Problem description:
An exact copy of all the data is needed, with every picture left out.

[Records from a data source]
%%

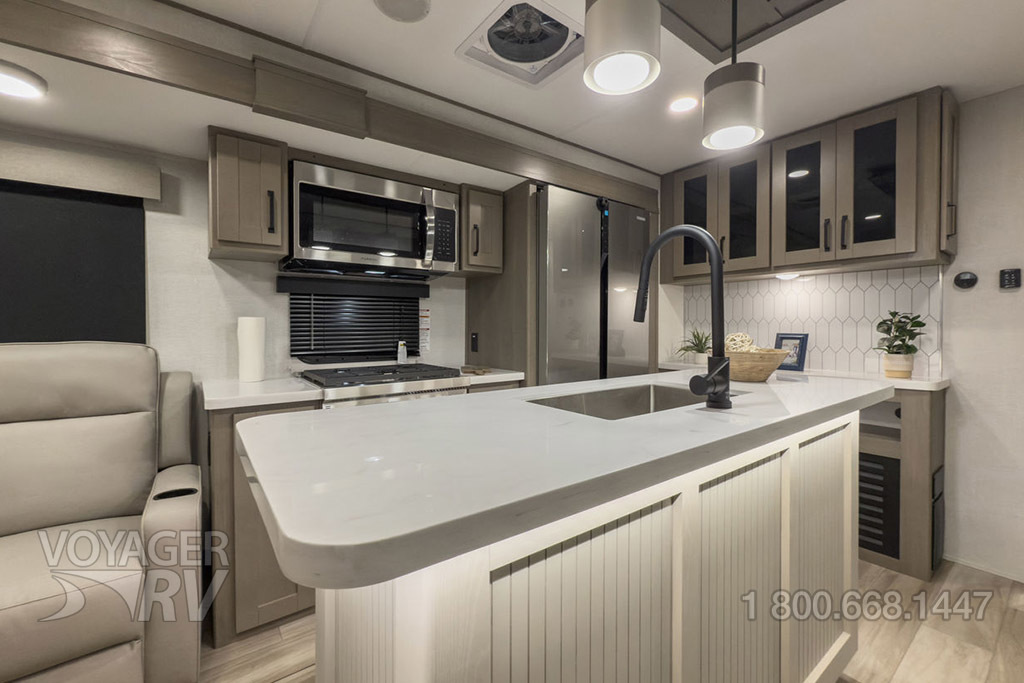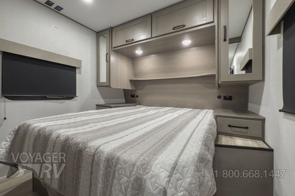 - Peace of Mind Package: Brass Plumbing Fixtures w/ Water Shutoffs at all Major Plumbing Sources, Hardwood Residential Cabinetry w/ Soft Close Hinges, Pull Out Trash Can Storage, Silverware Drawer, Spice Rack Drawer, Pull Out Pet Dish, Hi-Rise Faucet w/ Pullout Hose, Stainless Steel Kitchen Sink w/ Roll-Up Sink Cover, Solid Surface Countertop, Upgraded Furniture, Porcelain Toilet, Medicine Cabinet, True Queen Bed (60x80), Fully Painted Front Cap w/ Rock Guard, Unobstructed Pass-Through Storage w/ Diamond Plate Flooring, MORryde “StebAbove” Entry Step w/ Lift Assist, MORryde Safe-T Rail, Screen Defender, Pet Leash Hitch, Lippert Thin Shade Installed, All-in-One Docking Station w/ EZ Winterization Valve, Drop Frame Chassis, Lift Assist Front Cargo Door, Beltless Rolled Skirt Metal, LP Quick Connect, 6’ Coiled Break Away Cable, Aluminum Rims, Spare Tire w/ Undermount Carrier, 2” Receiver Hitch, 7-Way Plug Holder, MORryde CRE3000 Suspension, Self-Adjusting Brakes, Banded TPMS, CounterAct Balance Beads, Reverse Lights, Exterior Mounted Ladder for Full Walk-On Roof Access.
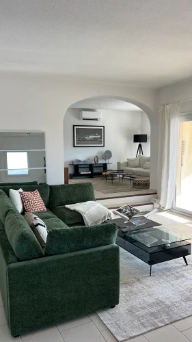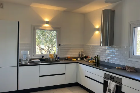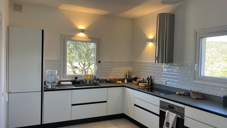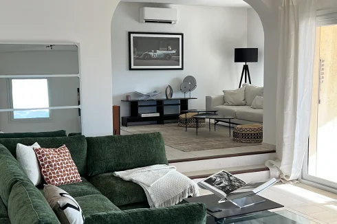 The interior of the villa is a masterclass in modern Mediterranean elegance, characterized by a seamless flow of light and sophisticated architectural details. The heart of the home features a spacious double reception room with soaring arched transitions, creating an atmosphere of refined comfort. A contemporary designer kitchen serves as a functional centerpiece, boasting minimalist white cabinetry, premium integrated appliances, and stylish subway-tile accents. Throughout the residence, a clean-lined aesthetic is complemented by high-end finishes and large sliding glass doors that frame the stunning coastal views, ensuring that the vibrant Mediterranean landscape is felt in every room.
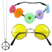 Hippie Set 3-tlg. - Margeriten Haarband, Peace Kette und Lennon Brille | Gelb
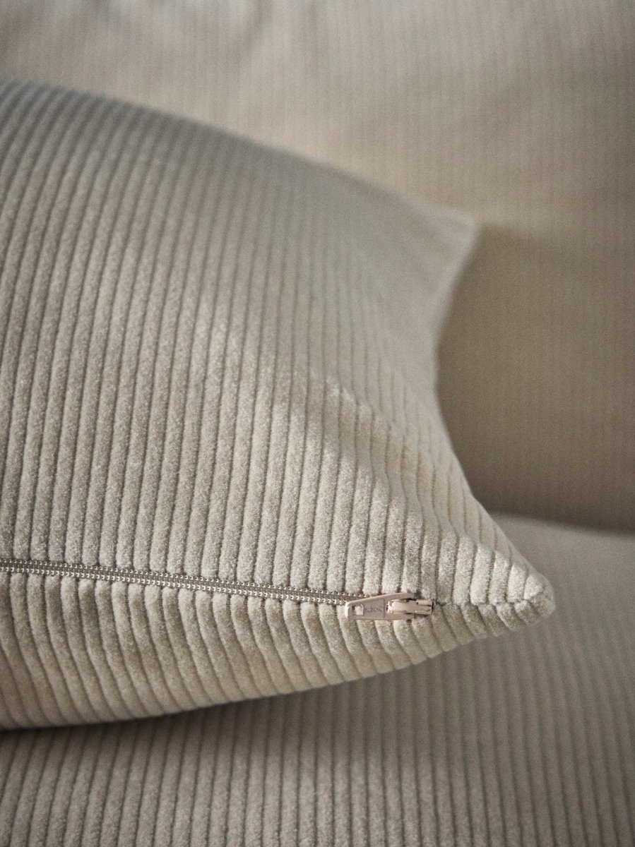 Housse de coussin pur coton en velours côtelé recto/verso. Fermeture par glissière invisible. Existe en plusieurs tailles et différents coloris soigneusement sélectionnés.
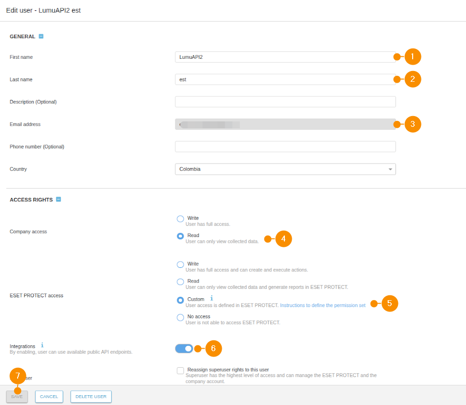 Creating your integration user depends on the portal you use for managing your ESET deployments and licensing. You have the following options:

%%

Result:
 - Peace of Mind Package: Brass Plumbing Fixtures w/ Water Shutoffs at all Major Plumbing Sources, Hardwood Residential Cabinetry w/ Soft Close Hinges, Pull Out Trash Can Storage, Silverware Drawer, Spice Rack Drawer, Pull Out Pet Dish, Hi-Rise Faucet w/ Pullout Hose, Stainless Steel Kitchen Sink w/ Roll-Up Sink Cover, Solid Surface Countertop, Upgraded Furniture, Porcelain Toilet, Medicine Cabinet, True Queen Bed (60x80), Fully Painted Front Cap w/ Rock Guard, Unobstructed Pass-Through Storage w/ Diamond Plate Flooring, MORryde “StebAbove” Entry Step w/ Lift Assist, MORryde Safe-T Rail, Screen Defender, Pet Leash Hitch, Lippert Thin Shade Installed, All-in-One Docking Station w/ EZ Winterization Valve, Drop Frame Chassis, Lift Assist Front Cargo Door, Beltless Rolled Skirt Metal, LP Quick Connect, 6’ Coiled Break Away Cable, Aluminum Rims, Spare Tire w/ Undermount Carrier, 2” Receiver Hitch, 7-Way Plug Holder, MORryde CRE3000 Suspension, Self-Adjusting Brakes, Banded TPMS, CounterAct Balance Beads, Reverse Lights, Exterior Mounted Ladder for Full Walk-On Roof Access.
 The interior of the villa is a masterclass in modern Mediterranean elegance, characterized by a seamless flow of light and sophisticated architectural details. The heart of the home features a spacious double reception room with soaring arched transitions, creating an atmosphere of refined comfort. A contemporary designer kitchen serves as a functional centerpiece, boasting minimalist white cabinetry, premium integrated appliances, and stylish subway-tile accents. Throughout the residence, a clean-lined aesthetic is complemented by high-end finishes and large sliding glass doors that frame the stunning coastal views, ensuring that the vibrant Mediterranean landscape is felt in every room.
 Hippie Set 3-tlg. - Margeriten Haarband, Peace Kette und Lennon Brille | Gelb
 Housse de coussin pur coton en velours côtelé recto/verso. Fermeture par glissière invisible. Existe en plusieurs tailles et différents coloris soigneusement sélectionnés.
 Creating your integration user depends on the portal you use for managing your ESET deployments and licensing. You have the following options:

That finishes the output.